═════ INFORMATION SHOWN ═════

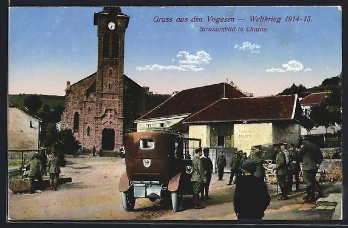 AK Chatas, Scène de rue avec église et soldats pendant la guerre mondiale 1914-15
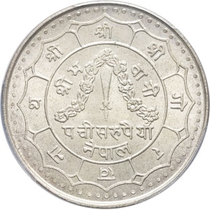 NÉPAL - NEPAL Birendra Bir Bikram (VS2028-2058 / 1971-2001). 25 roupies, couronnement de Birendra VS 2031 (197…
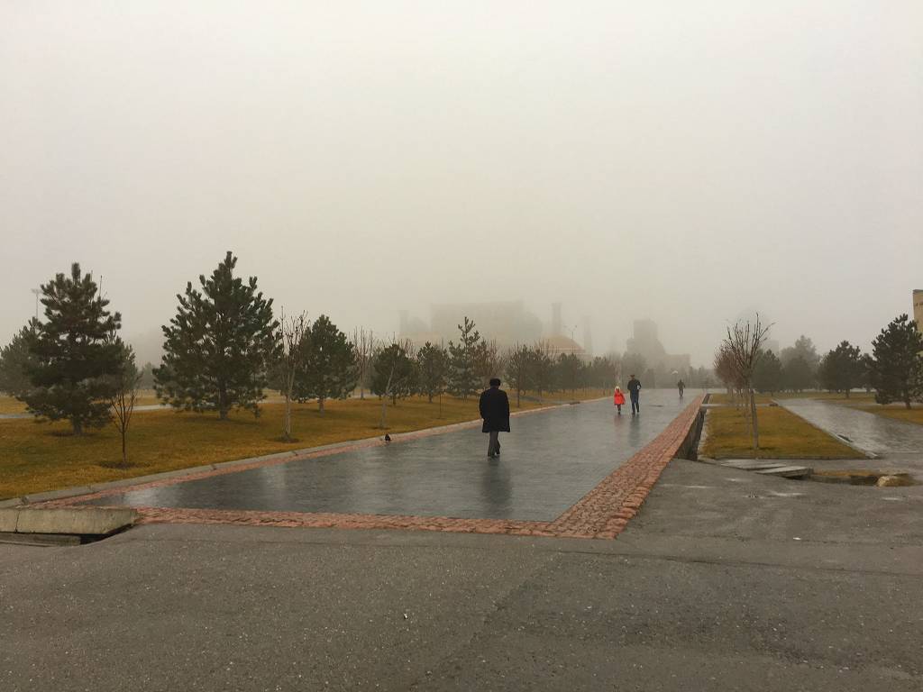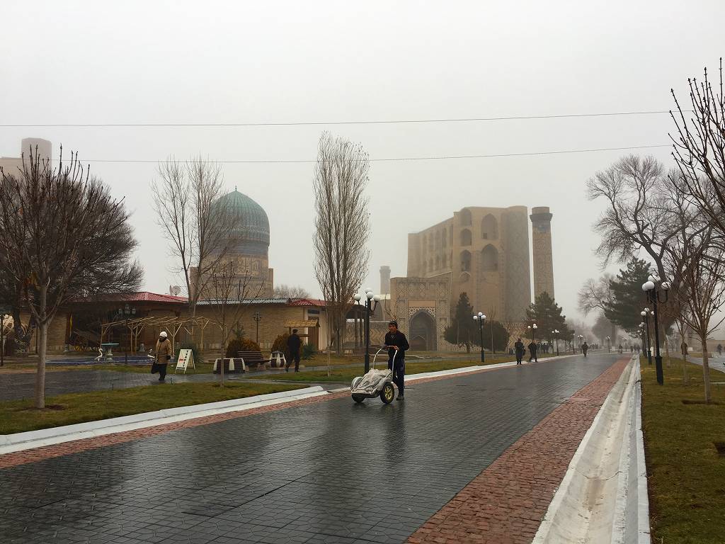 サマルカンド青空に映える青屋根ってイメージがあるけど、霧雨にむせぶ光景もこれはこれで幻想的である。
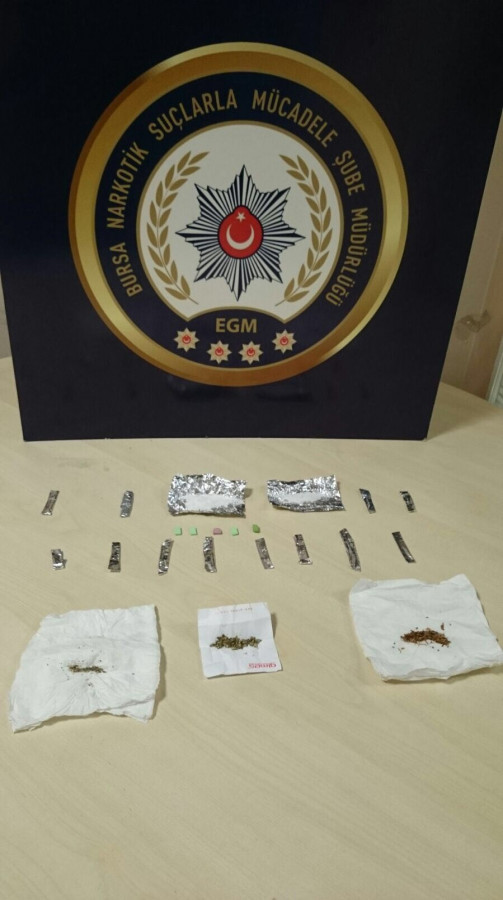 Bursa merkez Osmangazi ilçesi Bağlarbaşı Mahallesi Hürriyet Caddesi üzerinde şüpheli aracı durduran narkotik ekipleri, araç içerisindeki Y.S., A.A., M.E., G.A. isimli şahısların üzerinde ve bulunduğu araçta arama yaptı. Yapılan aramalarda bir miktar sentetik kannobinoid, bir miktar esrar ile çok sayıda ecstasy hap ele geçirildi.

═════

* WORK ITEM *
Every line above gets copied exactly; none of the pictures do.

* EXERCISE OUTPUT *
 AK Chatas, Scène de rue avec église et soldats pendant la guerre mondiale 1914-15
 NÉPAL - NEPAL Birendra Bir Bikram (VS2028-2058 / 1971-2001). 25 roupies, couronnement de Birendra VS 2031 (197…
 サマルカンド青空に映える青屋根ってイメージがあるけど、霧雨にむせぶ光景もこれはこれで幻想的である。
 Bursa merkez Osmangazi ilçesi Bağlarbaşı Mahallesi Hürriyet Caddesi üzerinde şüpheli aracı durduran narkotik ekipleri, araç içerisindeki Y.S., A.A., M.E., G.A. isimli şahısların üzerinde ve bulunduğu araçta arama yaptı. Yapılan aramalarda bir miktar sentetik kannobinoid, bir miktar esrar ile çok sayıda ecstasy hap ele geçirildi.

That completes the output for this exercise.